If, as you go through this process, it becomes obvious that reprocessing is necessary, take the collection off your conversion list and place it on a priority list for processing.  Processing the collection may be quick and speedy and your result will almost certainly be better! In fact, I think, in some cases, we spent more time forcing data into AT than it would have taken to reprocess the collection.

Identifying these essentials should result in finding aids that are more standardized and allow researchers greater access to your awesome stuff. Don’t count on it being a quick process, however: the prep work is time consuming, the conversion is time consuming, and the proofing and editing is REALLY time consuming.
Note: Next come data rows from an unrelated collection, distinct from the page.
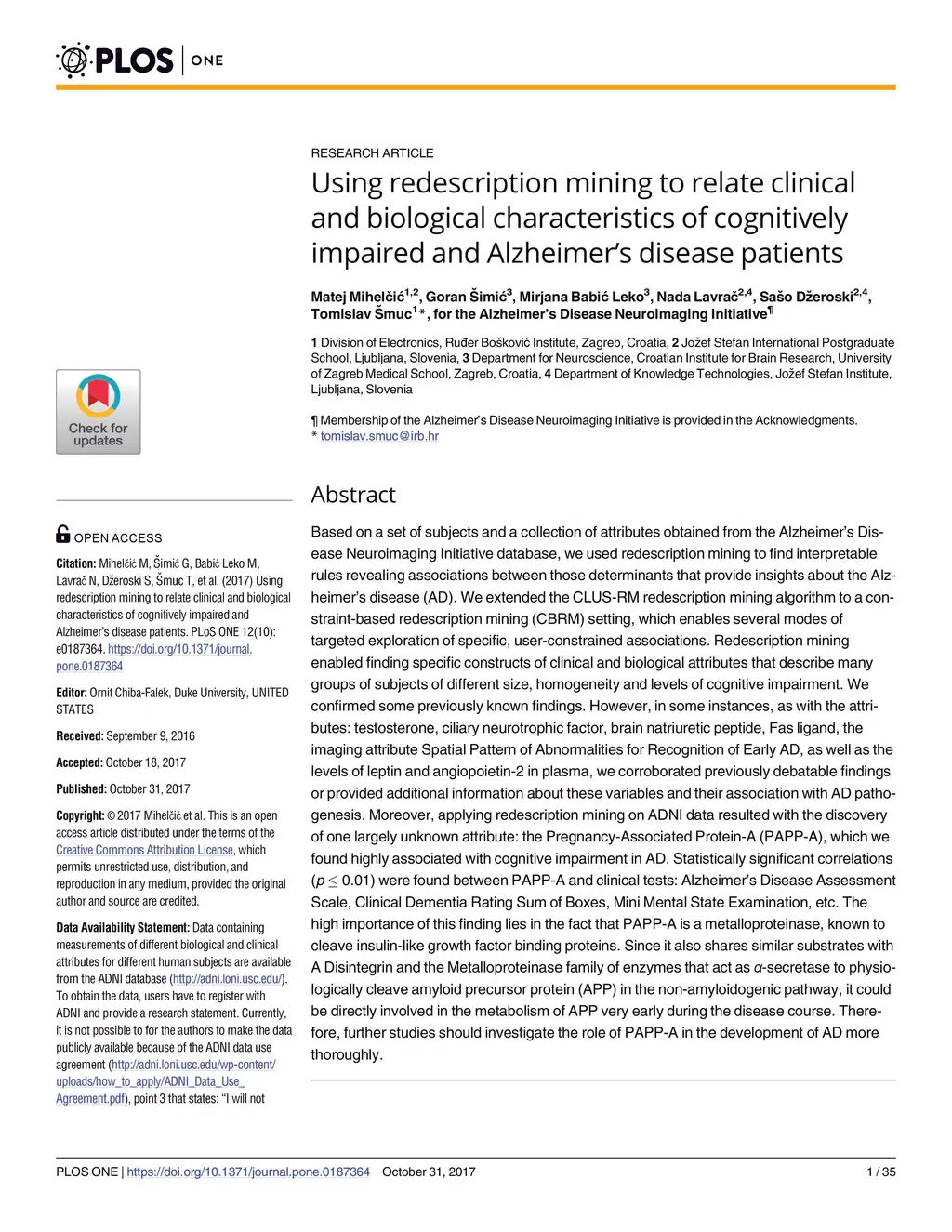 We used redescription mining to find interpretable rules revealing associations between those determinants that provide insights about the Alzheimer's disease (AD). We extended the CLUS-RM redescription mining algorithm to a constraint-based redescription mining (CBRM) setting, which enables several modes of targeted exploration of specific, user-constrained associations. Redescription mining enabled finding specific constructs of clinical and biological attributes that describe many groups of subjects of different size, homogeneity and levels of cognitive impairment. We confirmed some previously known findings. However, in some instances, as with the attributes: testosterone, the imaging attribute Spatial Pattern of Abnormalities for Recognition of Early AD, as well as the levels of leptin and angiopoietin-2 in plasma, we corroborated previously debatable findings or provided additional information about these variables and their association with AD pathogenesis. Applying redescription mining on ADNI data resulted with the discovery of one largely unknown attribute: the Pregnancy-Associated Protein-A (PAPP-A), which we found highly associated with cognitive impairment in AD. Statistically significant correlations (p <= 0.01) were found between PAPP-A and various different clinical tests. The high importance of this finding lies in the fact that PAPP-A is a metalloproteinase, known to cleave insulin-like growth factor binding proteins. Since it also shares similar substrates with A Disintegrin and the Metalloproteinase family of enzymes that act as {\alpha}-secretase to physiologically cleave amyloid precursor protein (APP) in the non-amyloidogenic pathway, it could be directly involved in the metabolism of APP very early during the disease course. Therefore, further studies should investigate the role of PAPP-A in the development of AD more thoroughly.
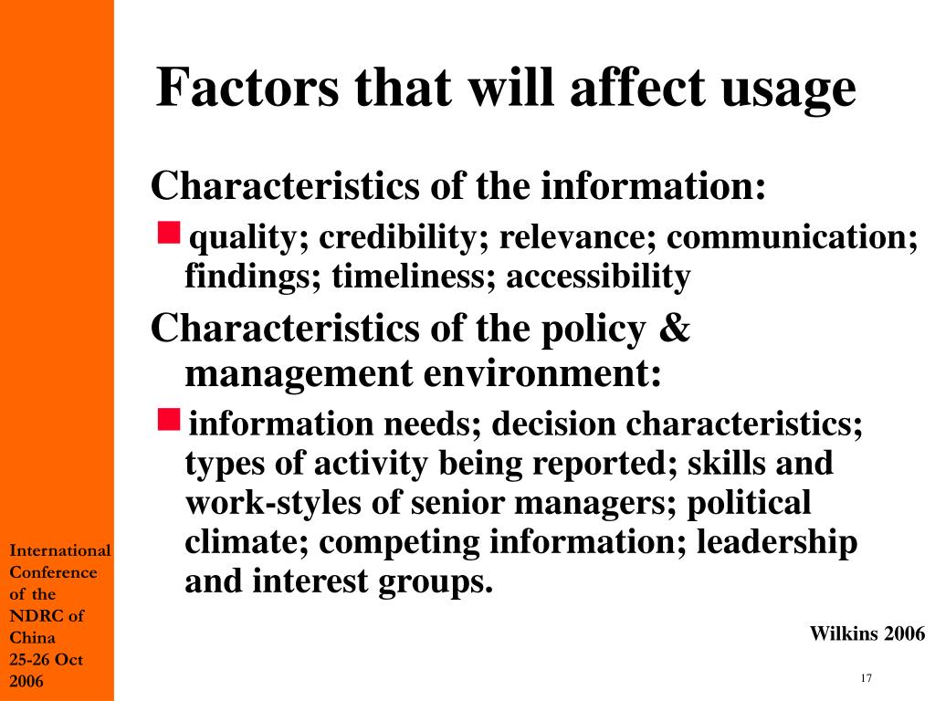 Factors that will affect usage Characteristics of the information: • quality; credibility; relevance; communication; findings; timeliness; accessibility Characteristics of the policy & management environment: • information needs; decision characteristics; types of activity being reported; skills and work-styles of senior managers; political climate; competing information; leadership and interest groups. Wilkins 2006
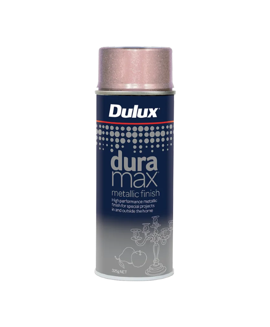 Dulux Duramax® Metallic Finish is a fast-drying acrylic spray paint that delivers superior colour durability and exceptional coverage on wood, metal and most plastic. The unique combination of technology delivers longer lasting and fade-resistant colour. Its high opacity and self-priming nature on most surfaces allows projects to be completed faster. The comfort tip with a wider finger pad helps deliver an even coat of paint and reduces fatigue when spraying for extended periods of time.
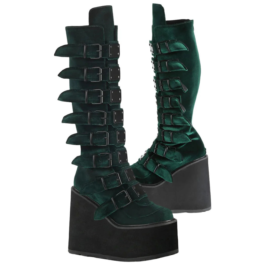 Step into a world of opulent rebellion with the DemoniaCult SWING 815 Emerald Velvet Boots. These extraordinary knee-high boots are a masterpiece of design, blending luxurious velvet with edgy punk aesthetics to create a truly captivating statement piece.
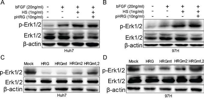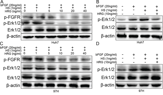 FGF first binds to HS and later to FGFR, thereby activating the FGF pathway [27]. Furthermore, HS is a ligand of HRG [11]. We added recombinant proteins bFGF, HS, and HRG to Huh7 and MHCC-97H cells. The result indicated that bFGF and the combination of bFGF and HS could stimulate Erk1/2 phosphorylation, while, most importantly, Erk1/2 phosphorylation returned to a comparatively lower level when HRG was also added (Fig. 4B and 4D). The decrease in Erk1/2 phosphorylation has a dose-dependent relation with HRG, and FGFR phosphorylation also has the similar tendency (Fig. 4A and 4C). These data indicated that HRG could competitively bind to HS and inhibit Erk1/2 phosphorylation via the FGF-Erk1/2 signaling pathway.
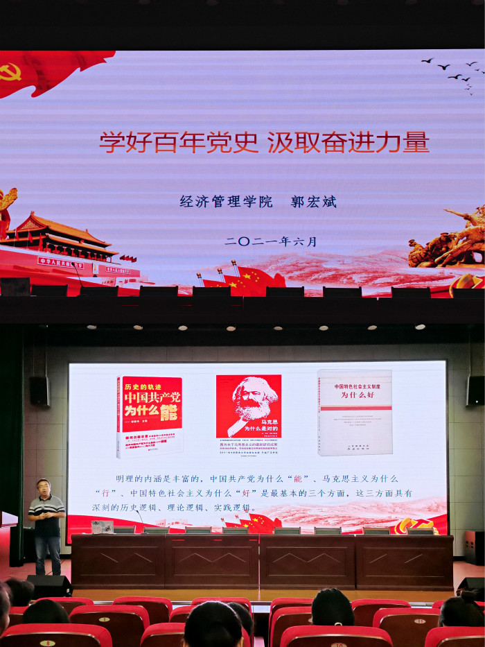 6月25日,taptap点点官方网站党委委员、副院长郭宏斌在横江校区报告厅为学生第四党支部全体党员和积极分子上了一堂以“学好百年党史,汲取奋进力量”为主题的党课,支部全体党员和入党积极分子参与此次党课学习。
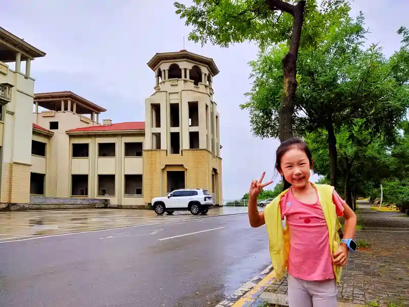 今年夏天烟台的雨水充足,而今天又是阴雨绵绵,下一会儿停一会儿,断断续续的。这样的天气我闺女倒是很喜欢,没有太阳,出来玩也不热,反倒是很舒服的。

This is not a task that can be placed only on the person converting the finding aid … even after the finding aid was in AT, Courtney and I, with fresh pairs of eyes, found lots of mistakes in spelling, hierarchy and grammar which would have been embarrassing and, even worse, would have potentially prevented people from finding that for which they were looking. Which is, of course, the whole point of all our work!
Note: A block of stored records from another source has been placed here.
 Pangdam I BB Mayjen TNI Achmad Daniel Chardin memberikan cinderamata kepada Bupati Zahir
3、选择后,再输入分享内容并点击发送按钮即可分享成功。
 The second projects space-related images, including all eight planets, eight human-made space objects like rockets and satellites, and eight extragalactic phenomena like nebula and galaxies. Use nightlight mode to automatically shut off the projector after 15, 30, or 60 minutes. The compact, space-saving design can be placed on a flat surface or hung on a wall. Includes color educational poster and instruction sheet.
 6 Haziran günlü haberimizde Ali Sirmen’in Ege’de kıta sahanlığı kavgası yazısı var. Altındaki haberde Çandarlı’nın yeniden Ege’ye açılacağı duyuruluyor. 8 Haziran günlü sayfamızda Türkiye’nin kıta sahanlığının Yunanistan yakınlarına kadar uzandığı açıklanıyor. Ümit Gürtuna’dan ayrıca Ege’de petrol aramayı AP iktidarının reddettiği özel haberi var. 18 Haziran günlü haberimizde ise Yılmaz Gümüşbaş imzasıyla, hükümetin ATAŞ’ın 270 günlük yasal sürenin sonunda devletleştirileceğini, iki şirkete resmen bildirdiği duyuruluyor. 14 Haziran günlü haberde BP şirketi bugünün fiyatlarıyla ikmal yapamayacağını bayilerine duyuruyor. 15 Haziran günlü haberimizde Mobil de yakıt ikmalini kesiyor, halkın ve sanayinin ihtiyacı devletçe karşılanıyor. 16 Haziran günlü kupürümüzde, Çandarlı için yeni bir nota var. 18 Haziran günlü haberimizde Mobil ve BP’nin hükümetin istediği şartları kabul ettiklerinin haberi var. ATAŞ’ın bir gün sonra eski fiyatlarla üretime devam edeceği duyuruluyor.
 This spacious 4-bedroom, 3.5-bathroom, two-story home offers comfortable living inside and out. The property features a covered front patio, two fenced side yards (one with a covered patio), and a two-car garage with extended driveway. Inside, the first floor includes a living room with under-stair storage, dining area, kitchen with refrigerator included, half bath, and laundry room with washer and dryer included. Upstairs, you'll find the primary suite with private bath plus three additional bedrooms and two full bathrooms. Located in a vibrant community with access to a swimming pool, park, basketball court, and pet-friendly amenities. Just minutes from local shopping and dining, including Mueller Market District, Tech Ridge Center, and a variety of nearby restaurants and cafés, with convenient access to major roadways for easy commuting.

Description in MPLP is counter-intuitive

Tuesday, February 7th, 2012

Courtney and I both felt strongly, from the very beginning of the project, that sacrificing description for speed was a risk in this project.  Although we know that every collection could still use additional work, we worked hard to make it so that the repository did not feel that additional work was necessary before they made the collection public.  Moreover, we knew from the start, that many of the collections would NEVER be worked on again.  Unfortunately, that is just how it is.

Unknown size: small.

So what have we learned about description?  We learned that description takes a lot of time—in fact, that is probably the first thing we learned in this project when we tested the manual and discovered that even an experienced processor could not arrange and describe a fairly straightforward collection from start to finish in 2 hours per linear foot.  As a result, Courtney and I created processing plans that included a preliminary biographical/historical note before processing started.  In general, we have learned that it generally takes roughly the same amount of time to describe a collection as it does to arrange a collection.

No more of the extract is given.